Directions for this task: Restate the data word for word. Leave the pictures out.

Records from a dataset

________________________________________

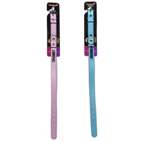 - coleira no couro sintético; - confortável e muito estilosa; - ótima para deixar seu pet ainda mais charmoso; - para todos os tipos de animais e tamanhos; - resistente e com um ótimo material; - com plaquinha de identificação; - cores: rosa e azul claro;
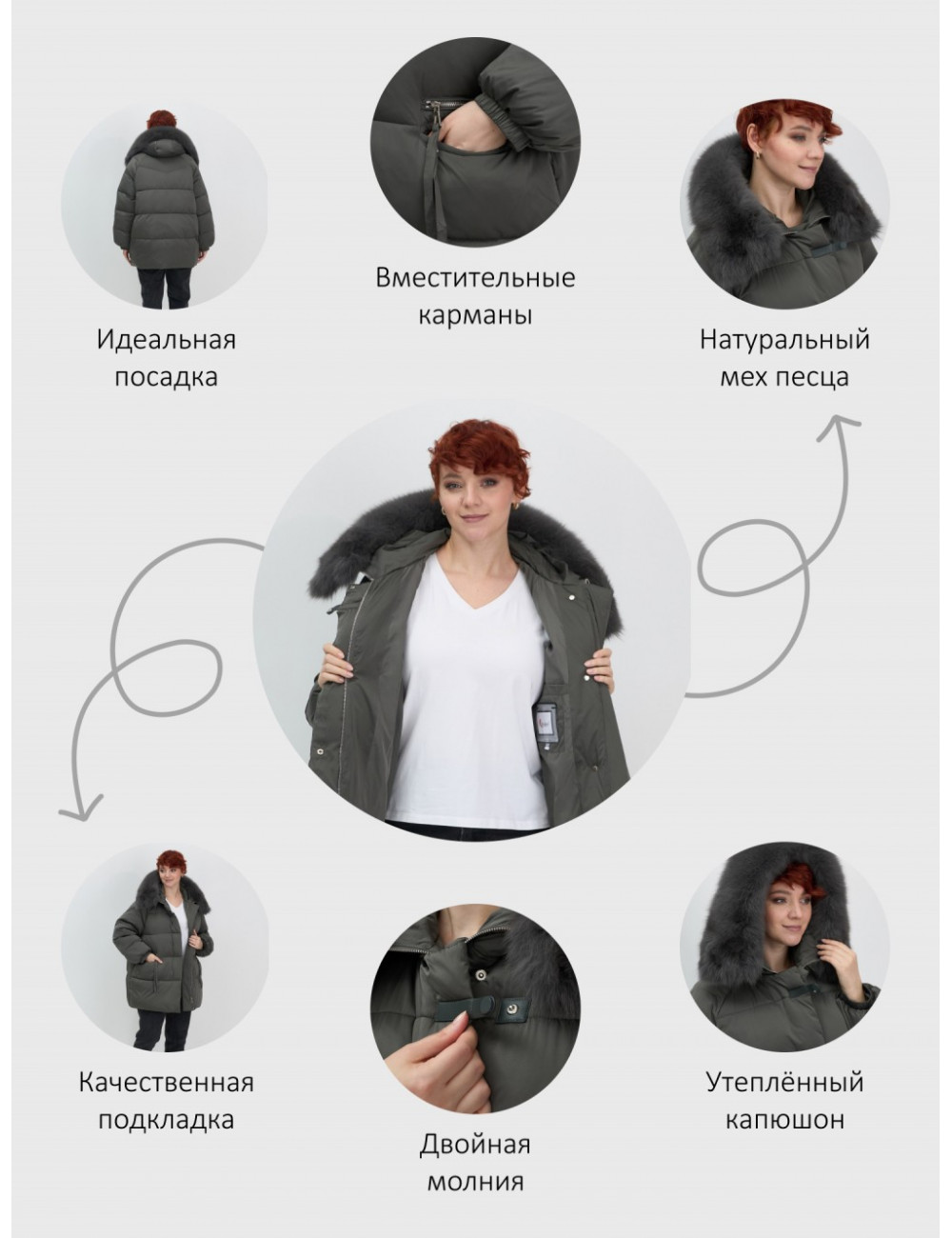| Декоративные элементы | Капюшон, Манжеты, Карманы, Мех |
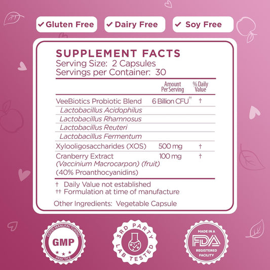 VeeFresh VeeBiotics Women's Probiotics with Cranberry Extract - 60 Capsules for Vaginal Health & pH Balance, Probiotics with Prebiotics for Overall Wellness
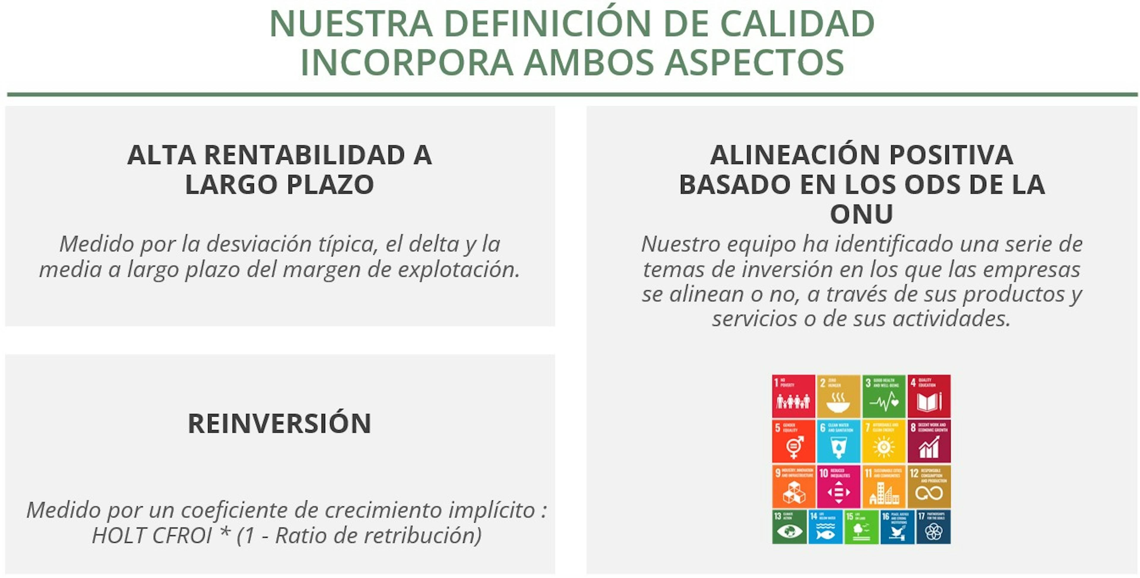 | Exposición a empresas capaces de generar altos rendimientos de sus inversiones | 23% Rentabilidad de los fondos propios del fondo frente al 14% del MSCI World |
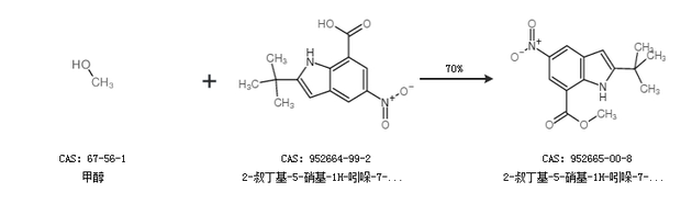 2.通过甲醇和2-叔丁基-5-硝基-1H-吲哚-7-羧酸合成2-叔丁基-5-硝基-1H-吲哚-7-羧酸甲酯,收率约70%;

________________________________________

Response to this exercise:
 - coleira no couro sintético; - confortável e muito estilosa; - ótima para deixar seu pet ainda mais charmoso; - para todos os tipos de animais e tamanhos; - resistente e com um ótimo material; - com plaquinha de identificação; - cores: rosa e azul claro;
| Декоративные элементы | Капюшон, Манжеты, Карманы, Мех |
 VeeFresh VeeBiotics Women's Probiotics with Cranberry Extract - 60 Capsules for Vaginal Health & pH Balance, Probiotics with Prebiotics for Overall Wellness
 | Exposición a empresas capaces de generar altos rendimientos de sus inversiones | 23% Rentabilidad de los fondos propios del fondo frente al 14% del MSCI World |
 2.通过甲醇和2-叔丁基-5-硝基-1H-吲哚-7-羧酸合成2-叔丁基-5-硝基-1H-吲哚-7-羧酸甲酯,收率约70%;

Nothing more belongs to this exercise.